Records for processing.
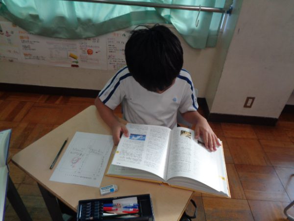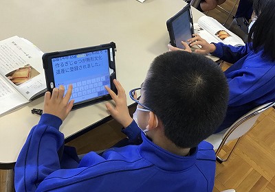 1時間目の国語の時間は、世界にほこる和紙の要約の続きに取り組み、最後にみんなで共有しました。筆者の伝えたいことを最後に必ず入れることや、簡潔に和紙の説明を行うことなど、要約のポイントをおさえながら、うまく200字にまとめることができました。
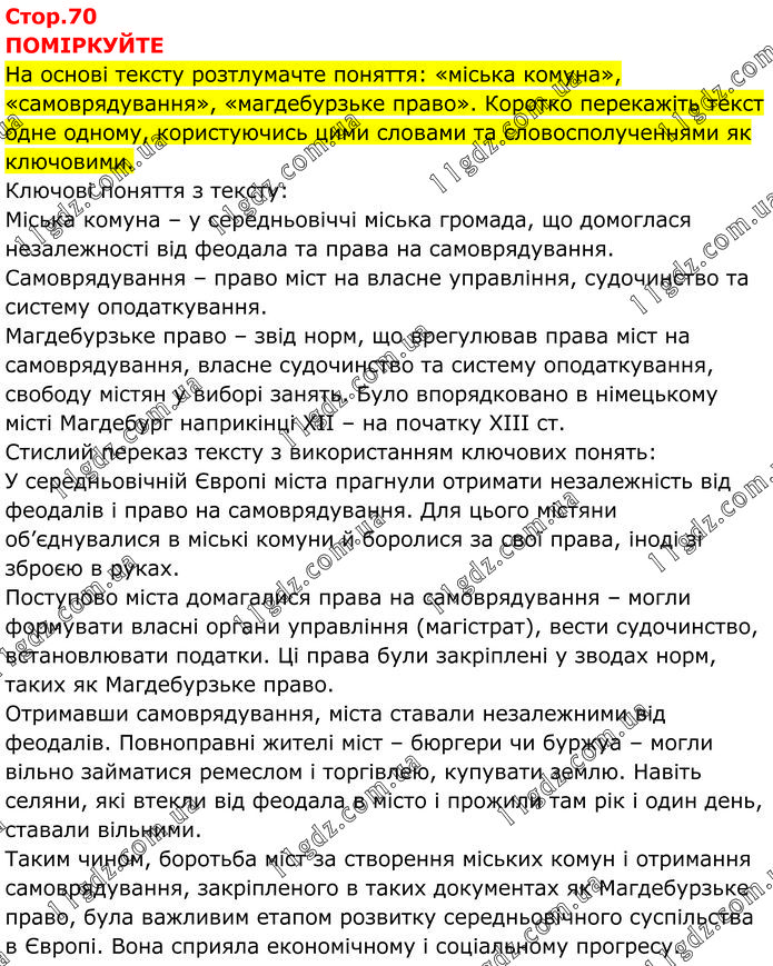 ПОМІРКУЙТЕ На основі тексту розтлумачте поняття: «міська комуна», «самоврядування», «магдебурзьке право». Коротко перекажіть текст одне одному, користуючись цими словами та словосполученнями як ключовими. Ключові поняття з тексту: Міська комуна – у середньовіччі міська громада, що домоглася незалежності від феодала та права на самоврядування. Самоврядування – право міст на власне управління, судочинство та систему оподаткування. Магдебурзьке право – звід норм, що врегулював права міст на самоврядування, власне судочинство та систему оподаткування, свободу містян у виборі занять. Було впорядковано в німецькому місті Магдебург наприкінці XII – на початку XIII ст. Стислий переказ тексту з використанням ключових понять: У середньовічній Європі міста прагнули отримати незалежність від феодалів і право на самоврядування. Для цього містяни об’єднувалися в міські комуни й боролися за свої права, іноді зі зброєю в руках. Поступово міста домагалися права на самоврядування – могли формувати власні органи управління (магістрат), вести судочинство, встановлювати податки. Ці права були закріплені у зводах норм, таких як Магдебурзьке право. Отримавши самоврядування, міста ставали незалежними від феодалів. Повноправні жителі міст – бюргери чи буржуа – могли вільно займатися ремеслом і торгівлею, купувати землю. Навіть селяни, які втекли від феодала в місто і прожили там рік і один день, ставали вільними. Таким чином, боротьба міст за створення міських комун і отримання самоврядування, закріпленого в таких документах як Магдебурзьке право, була важливим етапом розвитку середньовічного суспільства в Європі. Вона сприяла економічному і соціальному прогресу.
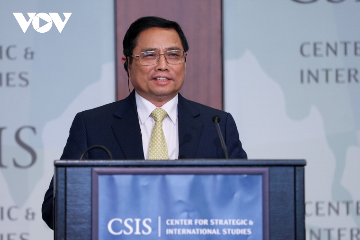 Trong bài phát biểu về chính sách tại Trung tâm nghiên cứu Chiến lược và Quốc tế Hoa Kỳ (CSIS), Thủ tướng Phạm Minh Chính nhấn mạnh, quan hệ hai nước Việt Nam - Hoa Kỳ đã phát triển vượt bậc sau gần 3 thập niên bình thường hoá quan hệ.
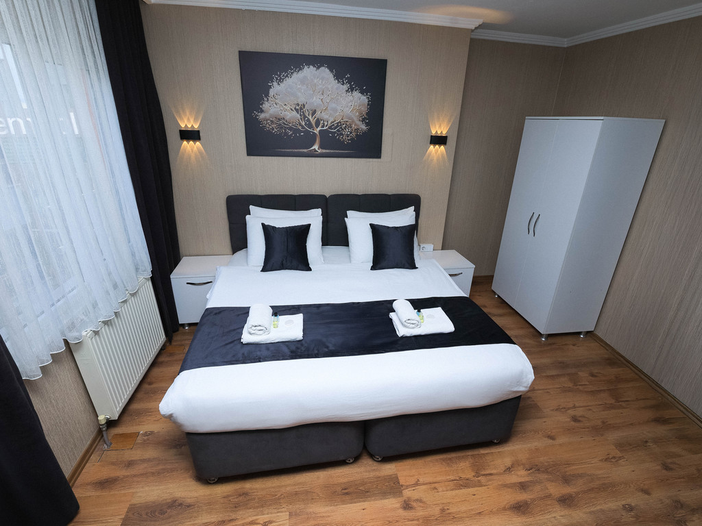 Çift Kişilik Odamızda Bir Adet King Double Yatak, Klima, Mini Buzdolabı (0,5 ml 2 adet su ücretsiz), Su Isıtıcı (2 Adet Sallama Çay ücretsiz ), Led 32 inç Uydu TV, Oda Telefonu, Buklet Şampuan, Duş Jeli, Terlik, Sabun , Otel Tipi Dikiş Seti , Saç Kurutma Makinası bulunmaktadır.
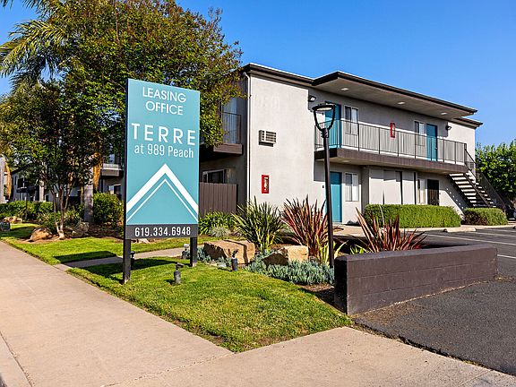 Discover a new standard of living at Terre at 989 Peach, a premier apartment community located in the heart of El Cajon, CA. We offer spacious one- and two-bedroom apartments for rent, each designed with modern comfort and style in mind. Our thoughtfully appointed interiors feature sleek quartz countertops, brand-new stainless steel appliances, stylish shaker-style cabinets, durable wood-like plank flooring, efficient air conditioning, and convenient ceiling fans. Residents can also enjoy our resort-style amenities, including a refreshing swimming pool, dedicated picnic area, and convenient on-site laundry facilities. Our prime location provides unparalleled access to local attractions and essentials. We are conveniently located near top-rated schools, including Naranca Elementary School (0.2 miles) and El Cajon Valley High School (0.6 miles). For shopping and entertainment, you are just a short walk from Chief Auto Center (0.3 miles) and Mollway Shopping Center (0.3 miles), and a quick drive from Parkway Plaza (2.1 miles). Enjoy the outdoors at nearby Hollenbeck Canyon Wildlife Area (3.5 miles) or Wells Park (1.0 mile). Experience the perfect blend of modern amenities and a highly connected location at Terre at 989 Peach
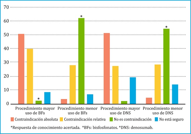 Al evaluar el riesgo de desarrollar ONM, 50,2% de los encuestados consideraron que el uso de BFs era una contraindicación absoluta para un procedimiento odontológico mayor, mientras que 51,3% consideraba lo mismo para denosumab. Para procedimientos menores el 3,2% de los encuestados consideraron que el uso de bisfosfonatos era una contraindicación absoluta y el 27,8% una contraindicación relativa para realizar el procedimiento. Los porcentajes para el uso de denosumab fueron 4,2% y 28,3% respectivamente (figura 1).
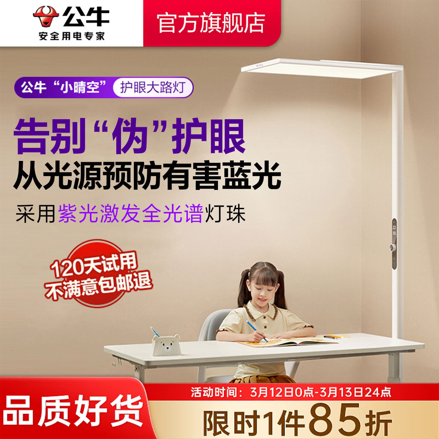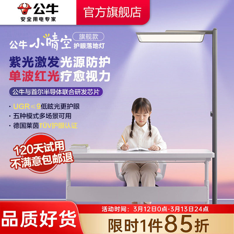 公牛小晴空大路灯学习专用立式台灯儿童写字学生全光谱护眼阅读灯

Requirement. Repeat the listing above word for word and leave its images out.

Solved exercise.
 1時間目の国語の時間は、世界にほこる和紙の要約の続きに取り組み、最後にみんなで共有しました。筆者の伝えたいことを最後に必ず入れることや、簡潔に和紙の説明を行うことなど、要約のポイントをおさえながら、うまく200字にまとめることができました。
 ПОМІРКУЙТЕ На основі тексту розтлумачте поняття: «міська комуна», «самоврядування», «магдебурзьке право». Коротко перекажіть текст одне одному, користуючись цими словами та словосполученнями як ключовими. Ключові поняття з тексту: Міська комуна – у середньовіччі міська громада, що домоглася незалежності від феодала та права на самоврядування. Самоврядування – право міст на власне управління, судочинство та систему оподаткування. Магдебурзьке право – звід норм, що врегулював права міст на самоврядування, власне судочинство та систему оподаткування, свободу містян у виборі занять. Було впорядковано в німецькому місті Магдебург наприкінці XII – на початку XIII ст. Стислий переказ тексту з використанням ключових понять: У середньовічній Європі міста прагнули отримати незалежність від феодалів і право на самоврядування. Для цього містяни об’єднувалися в міські комуни й боролися за свої права, іноді зі зброєю в руках. Поступово міста домагалися права на самоврядування – могли формувати власні органи управління (магістрат), вести судочинство, встановлювати податки. Ці права були закріплені у зводах норм, таких як Магдебурзьке право. Отримавши самоврядування, міста ставали незалежними від феодалів. Повноправні жителі міст – бюргери чи буржуа – могли вільно займатися ремеслом і торгівлею, купувати землю. Навіть селяни, які втекли від феодала в місто і прожили там рік і один день, ставали вільними. Таким чином, боротьба міст за створення міських комун і отримання самоврядування, закріпленого в таких документах як Магдебурзьке право, була важливим етапом розвитку середньовічного суспільства в Європі. Вона сприяла економічному і соціальному прогресу.
 Trong bài phát biểu về chính sách tại Trung tâm nghiên cứu Chiến lược và Quốc tế Hoa Kỳ (CSIS), Thủ tướng Phạm Minh Chính nhấn mạnh, quan hệ hai nước Việt Nam - Hoa Kỳ đã phát triển vượt bậc sau gần 3 thập niên bình thường hoá quan hệ.
 Çift Kişilik Odamızda Bir Adet King Double Yatak, Klima, Mini Buzdolabı (0,5 ml 2 adet su ücretsiz), Su Isıtıcı (2 Adet Sallama Çay ücretsiz ), Led 32 inç Uydu TV, Oda Telefonu, Buklet Şampuan, Duş Jeli, Terlik, Sabun , Otel Tipi Dikiş Seti , Saç Kurutma Makinası bulunmaktadır.
 Discover a new standard of living at Terre at 989 Peach, a premier apartment community located in the heart of El Cajon, CA. We offer spacious one- and two-bedroom apartments for rent, each designed with modern comfort and style in mind. Our thoughtfully appointed interiors feature sleek quartz countertops, brand-new stainless steel appliances, stylish shaker-style cabinets, durable wood-like plank flooring, efficient air conditioning, and convenient ceiling fans. Residents can also enjoy our resort-style amenities, including a refreshing swimming pool, dedicated picnic area, and convenient on-site laundry facilities. Our prime location provides unparalleled access to local attractions and essentials. We are conveniently located near top-rated schools, including Naranca Elementary School (0.2 miles) and El Cajon Valley High School (0.6 miles). For shopping and entertainment, you are just a short walk from Chief Auto Center (0.3 miles) and Mollway Shopping Center (0.3 miles), and a quick drive from Parkway Plaza (2.1 miles). Enjoy the outdoors at nearby Hollenbeck Canyon Wildlife Area (3.5 miles) or Wells Park (1.0 mile). Experience the perfect blend of modern amenities and a highly connected location at Terre at 989 Peach
 Al evaluar el riesgo de desarrollar ONM, 50,2% de los encuestados consideraron que el uso de BFs era una contraindicación absoluta para un procedimiento odontológico mayor, mientras que 51,3% consideraba lo mismo para denosumab. Para procedimientos menores el 3,2% de los encuestados consideraron que el uso de bisfosfonatos era una contraindicación absoluta y el 27,8% una contraindicación relativa para realizar el procedimiento. Los porcentajes para el uso de denosumab fueron 4,2% y 28,3% respectivamente (figura 1).
 公牛小晴空大路灯学习专用立式台灯儿童写字学生全光谱护眼阅读灯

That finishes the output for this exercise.